Harrell's C‐statistic 0.730 (95% CI 0.692–0.769, P<0.001). AL indicates immunoglobulin light chains; ATTR, transthyretin; eGFR, estimated glomerular filtration rate; HR, hazard ratio; LV, left ventricle; NYHA, New York Heart Association.

a

For association of the interaction term between amyloid type and the covariate with the composite end point of all‐cause mortality, heart transplantation or LV assist device after controlling for the other variables in the multivariable model.

Survival curves by amyloid subtype are displayed in Figure 3A after adjusting for the covariates in the multivariable model. Figure 3B shows survival curves stratified by subsequent amyloid‐specific treatment. The year of diagnosis was not associated with mortality after adjusting for variables in the multivariable model (hazard ratio 0.979, 95% CI 0.933–1.027, P=0.382). In addition, there was no difference in time to mortality in ATTRm versus ATTRwt (hazard ratio 1.01, 95% CI 0.56–1.80, P=0.979).

Figure 3.

Figure 3

Kaplan–Meier survival curves by amyloid subtype. A, Survival curves by amyloid subtype after adjustment for eGFR, NYHA class ≥III, atrial fibrillation, ejection fraction, LV mass index, deceleration time, and Sokolow voltage index. B, Survival curves stratified by amyloid‐specific treatment. AL indicates immunoglobulin light chains; ATTR, transthyretin; eGFR, estimated glomerular filtration rate; LV, left ventricular; NYHA, New York Heart Association.

Tests of interaction between covariates and amyloid subtype are also seen in Tables 3 and 4. The only covariate that showed a significantly greater magnitude of effect on mortality in 1 amyloid subtype versus the other was amyloid‐specific treatment in AL. When covariates in the multivariable model were analyzed, none were found to act differently between amyloid subtypes.

Figure 4 demonstrates the association between tertile of Troponin T, NT‐proBNP, and free light chain difference and the monthly mortality rate. Increased levels of Troponin T and NT‐proBNP were correlated with a higher monthly mortality. There was incremental utility in amyloid subtype and cardiac biomarkers as compared to the base model. The χ2 for a nested model incorporating amyloid subtype was significantly improved (24.6 versus 15.7, P=0.003) and the addition of cardiac biomarkers improved it further (χ2 31.1, P=0.039).

Figure 4.

Figure 4

Monthly mortality by biomarker tertile for all patients with cardiac amyloidosis. Troponin T: tertile 1 ≤0.04, tertile 2 0.04 to 0.1, tertile 3 ≥0.10. NT‐proBNP: tertile 1 <3075, tertile 2 3075 to 7930, tertile 3 >7930. FLC‐diff: tertile 1 <199.84, tertile 2 199.84 to 561.88, tertile 3 >561.88. FLC‐diff, free light chain difference; NT‐proBNP, N‐terminal prohormone of brain natriuretic peptide.

Discussion

This study describes a large contemporary cohort of patients with cardiac amyloidosis and examines the characteristics associated with mortality between amyloid subtypes. The only covariate that showed a significantly greater magnitude of effect on mortality in 1 amyloid subtype versus the other was the use of amyloid‐specific treatment in AL. After multivariable analysis while controlling for amyloid‐specific therapy, atrial fibrillation was significantly prognostic in AL while NYHA class III‐IV symptoms at presentation as well as LV ejection fraction were associated with mortality in ATTR. AL amyloid etiology (as compared to ATTR) is the strongest predictive variable; however, effect modification analysis did not show that any covariate significantly interacted with amyloid subtype in the prediction of mortality.

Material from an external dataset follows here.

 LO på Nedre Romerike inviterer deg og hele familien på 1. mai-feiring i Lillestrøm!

The longevity of patients with amyloidosis is directly related to cardiac involvement. Significant cardiac involvement may limit a patient's ability to qualify for invasive therapy targeting the underlying disease process such as stem cell transplantation for AL14 or liver transplantation for ATTR.15 Predictors of mortality in patients at the time of diagnosis of cardiac involvement are not well established. There are few studies examining such predictors, and these studies have been generally underpowered to detect differences between amyloid subtypes. This is an important distinction to make as AL amyloid behaves very differently from ATTR with a more acute presentation, rapid progression, and worse overall prognosis. This study is able to more adequately evaluate this question with a multivariable model given the larger sample size and high event rate.

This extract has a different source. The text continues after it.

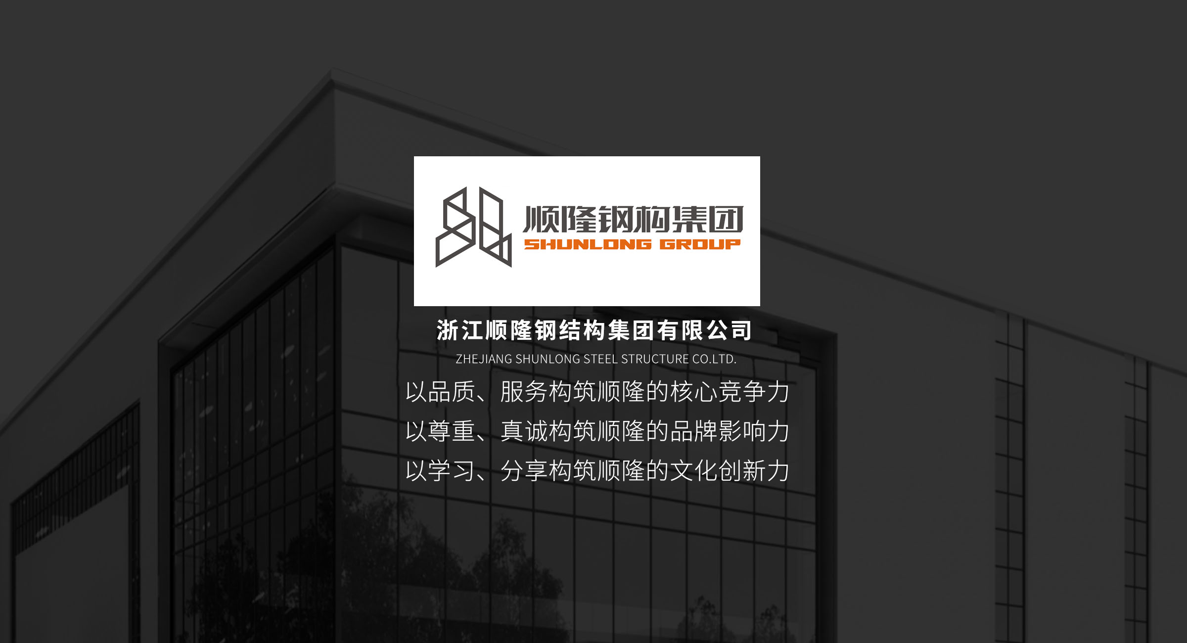 浙江顺隆钢结构集团有限公司(以下简称“顺隆钢构集团")创建于2011年,是一家集设计研发、生产制造、工程施工、建筑更新、材料销售于一体的综合性钢构企业,拥有建筑工程施工总承包贰级资质、市政公用工程施工总承包贰级资质、钢结构工程专业承包贰级资质、建筑装修装饰工程专业承包贰级资质以及特种工程(结构补强)专业承包资质。 公司现已布局两个生产基地,具备承接各类钢结构厂房、钢结构住宅、多(超)高层钢结构、大跨度空间钢结构、钢结构桥梁、钢结构艺术造型、建筑幕墙等工程的实力。温州数字化工厂凭借信息化、可视化、数字化集中管控平台,达成人机最佳匹配,效能实现最大化。通过各类高精密生产设备和检测仪器,全面掌控钢构件全生命周期信息,精准把控生产进度与质量标准,成为企业塑造核心竞争力的强劲引擎。 顺隆钢构集团系国家高新技术企业、浙江省专精特新中小企业、浙江省科技型中小企业、浙江省守合同重信用企业、浙江省钢结构行业协会理事单位、温州市钢结构协会副会长单位、温州市钢结构行业优秀企业,公司持有30余项专利及软著,通过了IS09001质量管理体系认证、1S014001环境管理体系认证IS045001职业健康安全管理体系认证。 顺隆钢构集团秉持“立足温州、辐射全国、迈向国际”的战略目标,持续拓展业务范畴,逐步进军全国市场,当下项目己广泛分布于浙江、江苏、江西、安徽、山东、福建、广东等众多省份。自创立以来,已圆满完成400 多个项目,多次荣“建筑业成长型企业”“建筑业开放型企业”,斩获浙江省钢结构“金刚奖”、温州市建设工程“瓯江杯”温州市优质钢结构工程、温州市优质桩基工程等殊荣。 顺隆钢构集团始终坚持“顺势筑房、隆基达业”的品牌发展理念,以先进的企业文化,科学的企业管理和卓越的技术创新,倾力打造“一流钢构专家”的品牌形象,并致力于成为中国绿色建筑的忠实倡导者和守护者。

Comparisons of the baseline clinical characteristics of amyloid subtypes reveals that, as expected, patients with an ATTR etiology of cardiac amyloidosis were more likely to be older with more chronic medical conditions such as hypertension, hyperlipidemia, atrial fibrillation, prolonged QRS duration, and chronic kidney disease. They were also more commonly prescribed standard systolic heart failure therapy of angiotensin‐converting enzyme inhibitors, angiotensin II receptor blockers, and β‐blockers, despite the fact that these have not been rigorously studied in the amyloid population. Our cohort did not find that β‐blocker use at baseline was associated with mortality; however we feel that this therapy may be detrimental in some patients due the suppression of heart rate and heart rate response in the setting of a restricted ventricle with a fixed stroke volume.6 Analysis of echocardiographic parameters showed a significantly increased LV mass and ECG voltage in ATTR versus AL etiology, while ejection fraction and diastolic function were comparable.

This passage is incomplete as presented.